- Supreme Court of the United States

Argued March 24, 1999 Decided May 24, 1999
- Full case name: Wilson et al. v. Layne, Deputy United States Marshal, et al.
- Docket no.: 98-83
- Citations: 526 U.S. 603 (more)
- Argument: Oral argument

Case history
- Prior: 141 F.3d 111 (4th Cir. 2004); cert. granted, 526 U.S. 603 (1999).

Holding
- Police officers who invite independent representatives of the media to a search of a private household do not serve a legitimate government interest and violate the Fourth Amendment, because publicity is not a legitimate government interest in the execution of a search warrant.

Court membership
- Chief Justice William Rehnquist Associate Justices John P. Stevens · Sandra Day O'Connor Antonin Scalia · Anthony Kennedy David Souter · Clarence Thomas Ruth Bader Ginsburg · Stephen Breyer

Case opinions
- Majority: Rehnquist, joined by O'Connor, Scalia, Kennedy, Souter, Thomas, Ginsburg, Breyer
- Concur/dissent: Stevens

Laws applied
- U.S. Const. amend. IV

= Wilson v. Layne =

1999 United States Supreme Court case

Wilson v. Layne, 526 U.S. 603 (1999) was a decision by the Supreme Court of the United States that unanimously held the entrance of a third-party not directly involved in aiding a search warrant into a private household unconstitutional.
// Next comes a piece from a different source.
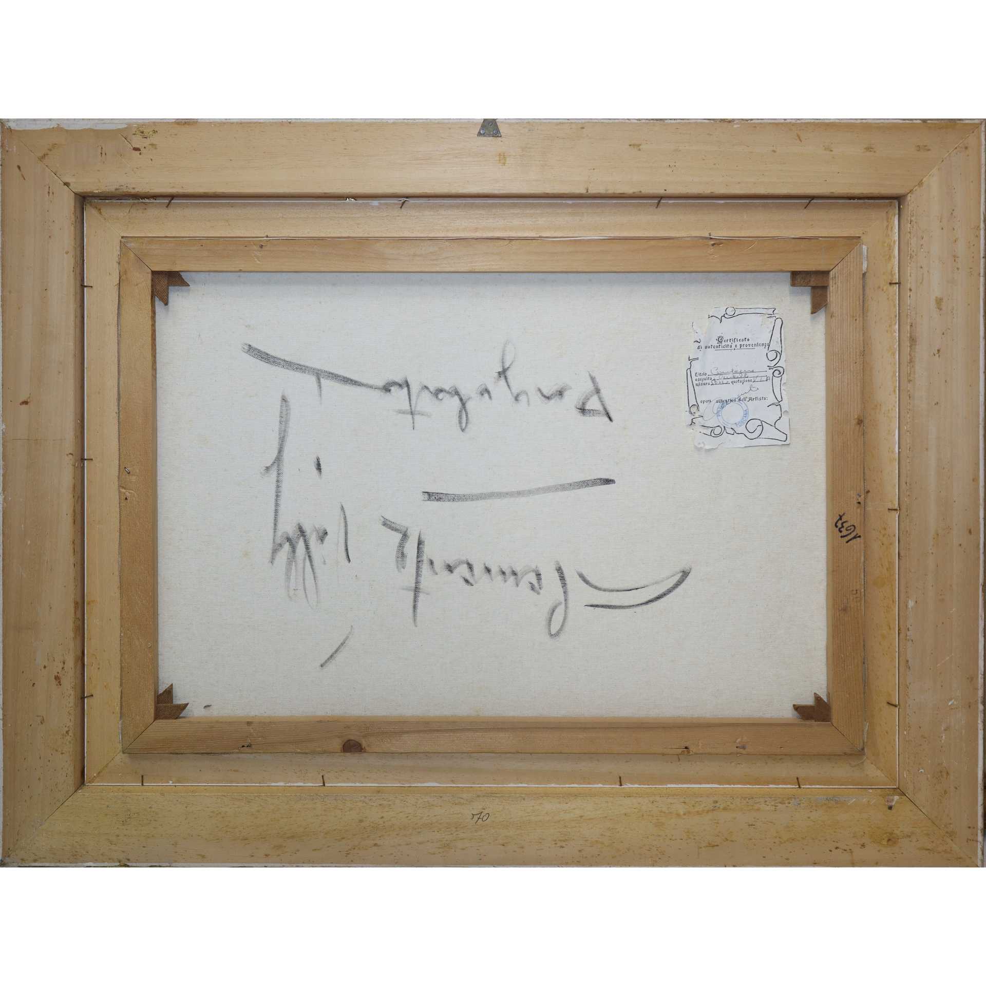 Willy Clemente (1923-1999) - Pergolato cm 50 x 70, in cornice 74 x 94 Olio su tela Paesaggio campestre con personaggi. Firmato in basso a destra e sul retro Clemente

Sparked by a case where law enforcement officers were accompanied by the press during the execution of a warrant, the Court ruled that bringing along independent representatives of the media during the search of a private household does not serve a legitimate government interest and violates the Fourth Amendment, as such a third party does not legitimately contribute to the objectives of a search warrant.

==Background==
On April 19, 1992, after identifying a fugitive in violation of a probation for felony charges of robbery and assault, law enforcement arrived with a warrant from the Circuit Court for Montgomery County, Maryland. Followed by a photographer and journalist from the Washington Post that Deputy Marshals had invited under a ride-along policy, officers entered the household, and after learning that the suspect was absent, left the building.

The reporters took several photographs during the execution of the warrant but were not directly involved thereof, leading to a Fourth Amendment lawsuit. Following the denial of summary judgement by the District Court, the Fourth Circuit reversed said decision under qualified immunity because the Fourth Amendment right brought up by the petitioners was not clearly established, but did not rule on the constitutionality of the officers' actions.

Four different rulings from various federal Court of Appeals circuits, including the Wilson case, split on the issue of whether qualified immunity applied to media ride-alongs. After the two most recent of the four reached the Supreme Court, it granted certiorari, with oral arguments heard on March 24, 1999. Former Assistant Attorney General for the Civil Division Richard K. Willard argued the case for the petitioners, while Assistant Attorney General of Maryland Lawrence P. Fletcher-Hill represented the state respondents. One of the four rulings, Hanlon v. Berger, was granted certiorari and consolidated for oral arguments with Wilson. The two other related cases, Ayeni v. Mottola from the Second Circuit and Parker v. Boyer from the Eighth Circuit, were denied certiorari under qualified immunity in 1995 and 1997 respectively prior to the Court's ruling in the two latter cases.

==Opinion of the Court==
On May 24, 1999, the Supreme Court ruled in favor of the petitioners, with Chief Justice William Rehnquist delivering the unanimous opinion regarding Part I and Part II (on the facts of the case and findings regarding the Fourth Amendment respectively) of the ruling, as well as the opinion of the Court for Part III (on the applicability of qualified immunity), which was dissented solely by Justice John Paul Stevens. The Court affirmed the Fourth Circuit's decision on qualified immunity while ruling the permitted accompaniment of law enforcement by a third party unrelated to the serving of a search warrant unconstitutional under the Fourth Amendment.

The Court cited Anderson v. Creighton when determining the applicability of qualified immunity, stating that "the right allegedly violated must be defined at the appropriate level of specificity before a court can determine if it was clearly established" and that it was reasonable for law enforcement to have thought bringing a third party for media coverage along with them was lawful. Justice Rehnquist also noted that no prior judicial opinions that ruled such an action unconstitutional had been published despite the apparent growing popularity in media ride-alongs.

With respect to the second aspect of the case, that is whether or not the Deputy's ride-along policy violated the Fourth Amendment, the Court found that the third-party reporters present did not engage in carrying out the purpose of the search warrant or aid law enforcement in such a duty. Additionally, the Court determined that the reporters did not serve a legitimate purpose with respect to the warrant, and rejected arguments from the respondents that suggested otherwise, stating that publicity is not a valid standalone justification to bring a representative of the media acting for private purposes. Thus, the Court unanimously ruled that the police's introduction of the press into the authorized entering of the Wilson household was an unconstitutional violation of their Fourth Amendment rights.

===Dissent===
The decision that law enforcement violated the homeowners' Fourth Amendment rights against unreasonable searches went unopposed in the Court. In his sole dissent to Part III of Chief Justice Rehnquist's ruling, Justice Stevens concluded that the petitioners' right to Fourth Amendment protection in this specific case was clearly established before the relevant incident.

==Subsequent developments==
Decided the same day, the Court in Hanlon v. Berger, 526 U.S. 808 (1999) reached the same conclusion per curiam that although a violation of Fourth Amendment rights occurred, qualified immunity applied since the legal situation surrounding media ride-alongs was not clearly established at the time of said violation.